Streckenverpflegung  ca. alle 10km mit den leckeren Langenberg-Marathon Müsliriegeln, Iso, Mineralwasser, Teegetränk, Red Bull usw.

Die Zuschauer sind ebenso motiviert wie die Fahrer selbst- sie werden euch auf dem Anstieg    ( Start 450m ) zum Langenberg ( 843m) ganz schön einheizen


----------



## [email protected] (14. September 2005)

HI!
Danke für deine Infos!! 
Bis Dann


----------



## ojs (22. September 2005)

Langenberg ist ein schöner Saisonabschluss. Die Strecke ist technisch nicht besonders schwer aber konditionell fordernd, zumindest, wenn man schnell sein möchte. Langenberg, Name ist hier Programm. Ich bin sie letztes Jahr mit meiner Frau gefahren, es war ihr erster Marathon. Daher habe ich die Strecke erst mal in Zeitlupe erlebt. In der Zwischenzeit war ich aber öfters da zum trainieren und 370 hm am Stück muss man im Mittelgebirge schon suchen.


----------



## Adrenalino (22. September 2005)

Also, dann gibt es in Langenberg hauptsächlich längere Steigungen? Die liegen mir nämlich viel viel mehr als dieses CC-mäßige auf und ab à la Odenwald-Bike-Marathon.
Oder ist es von beidem etwas? Langer Anstieg in der Mitte und der Rest kurze Rampen?
Wenn das Wetter hält bin ich dabei.....muss die Schmach vom letzten W-Ende verarbeiten  dann ist aber Schluss und bis November wird nur getourt


----------



## Wave (22. September 2005)

so, grad angemeldet


----------



## ojs (23. September 2005)

Adrenalino schrieb:
			
		

> Also, dann gibt es in Langenberg hauptsächlich längere Steigungen? Die liegen mir nämlich viel viel mehr als dieses CC-mäßige auf und ab à la Odenwald-Bike-Marathon.
> Oder ist es von beidem etwas? Langer Anstieg in der Mitte und der Rest kurze Rampen?
> Wenn das Wetter hält bin ich dabei.....muss die Schmach vom letzten W-Ende verarbeiten  dann ist aber Schluss und bis November wird nur getourt



Von beidem etwas, aber der Anstieg auf den Langenberg ist halt ca. 370 hm am Stück.

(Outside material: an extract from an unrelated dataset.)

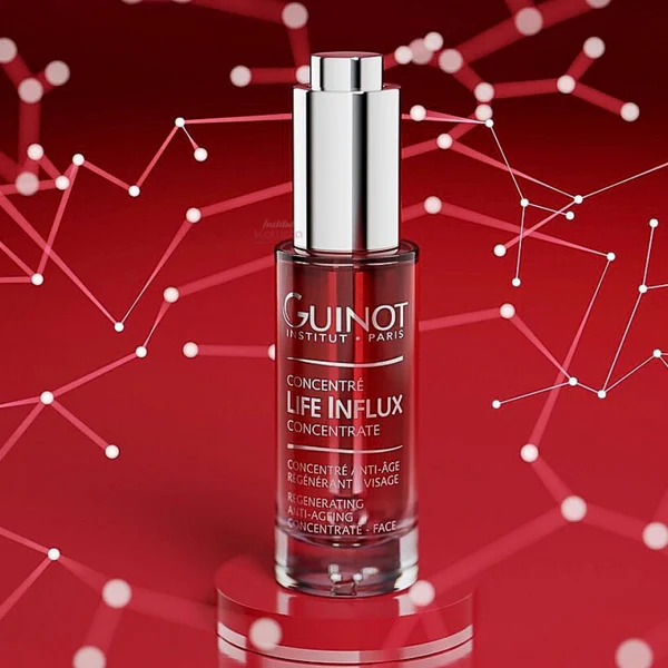 A Guinot Concentre Life Influx egy high-tech koncentrátum a sejtdegeneráció megelőzésére. Ez a koncentrált szérum alapjaiban fiatalítja meg a bőrt. Hatására a fáradtság jelei eltűnnek, az arc teltebb, simább, tökéletesen revitalizáltnak tűnik, és egészségesen ragyog. Gazdag hatóanyag-tartalma révén a kötőszövet megújul, feszesebb és tömörebb lesz, a ráncok kisimulnak, az öregedés folyamata lelassul.

Ist aber davon abhängig, von welcher Seite der Aufstieg stattfindet. Von Wiemeringhausen aus, sind es permanent zwischen 7 und 10% Steigung. So fahr ich es immer im Training. Von Bruchhausen aus sind es eher zwischen 4 und 6%. Ich kann den Infos auf der Webseite zur Zeit nicht entnehmen, auf welcher Route dieses Jahr gefahren wird.


----------



## flämischer löwe (23. September 2005)

saison finale.
ich bin da welche strecke fahrt ihr.
danach ist 3 wochen pause,dann beginnt der chaka cup


----------



## tranquillity (24. September 2005)

Langenberg ist einer meiner Lieblingsmarathons. Das liegt neben der Strecke auch an der liebenswerten Organisation, wo man wirklich merkt, dass hier nicht aus kommerziellen Interessen sondern der Sache wegen gearbeitet wird.

Die Verpflegung ist super (u.a. selbstgebackene Müsliriegel!), die Strecke mit schönen Steigungen (v.a. Runde zwei ist immer ein Kampf gegen sich selbst). Es wirklich schöner Saisonabschluss. Ich kann's euch nur empfehlen.

Wer einen Bericht vom letzten Jahr lesen will, kann dies auf
http://www.mtb-siegerland.de/pivot/entry.php?id=22
tun.

Ich bin auf jeden Fall wieder dabei und werde wohl die 74km Strecke (= 2 Runden) anpeilen.


----------



## MTB-News.de




----------



## Ramon Salazar (26. September 2005)

Ich werde auch bei diesen marathon teilnemmen nur das dumme muss morgens sehr früh von herne aus mit der bahn fahrren.


----------



## MoeSzyslak (27. September 2005)

Werde dieses Jahr auch zum ersten mal den Langenberg-Marathon fahren. Hoffe das Wetter bleibt trocken


----------



## ojs (27. September 2005)

MoeSzyslak schrieb:
			
		

> Werde dieses Jahr auch zum ersten mal den Langenberg-Marathon fahren. Hoffe das Wetter bleibt trocken



Wieso? Regnet doch schon


----------



## MoeSzyslak (27. September 2005)

ojs schrieb:
			
		

> Wieso? Regnet doch schon


Noch ist es doch einigermaßen trocken. Nur das es sich nicht "einregnet"


----------



## [email protected] (27. September 2005)

Ja hoff ich auch ma das es sich nicht einregnet!!!!! Soll ja aber eigentlich schlechter werden zum Ende der Woche!


----------



## Adrenalino (27. September 2005)

Na toll!    

Ich hab echt keinen Bock aus FFM angegurkt zu kommen und dann ne Schlammschlacht zum Ende der Saison zu erleben! Wie ist die Strecke bei Nässe? Viel Schotter und daher wenig Probleme? Oder wie in Willingen, wo ja schon ein paar Stunden ausreichen um alles absaufen zu lassen??

Ein Lagebericht die nächsten Tage wäre echt klasse!


----------



## MTB-News.de




----------



## bikehumanumest (27. September 2005)

Adrenalino schrieb:
			
		

> Na toll!
> 
> Ich hab echt keinen Bock aus FFM angegurkt zu kommen und dann ne Schlammschlacht zum Ende der Saison zu erleben! Wie ist die Strecke bei Nässe? Viel Schotter und daher wenig Probleme? Oder wie in Willingen, wo ja schon ein paar Stunden ausreichen um alles absaufen zu lassen??
> 
> Ein Lagebericht die nächsten Tage wäre echt klasse!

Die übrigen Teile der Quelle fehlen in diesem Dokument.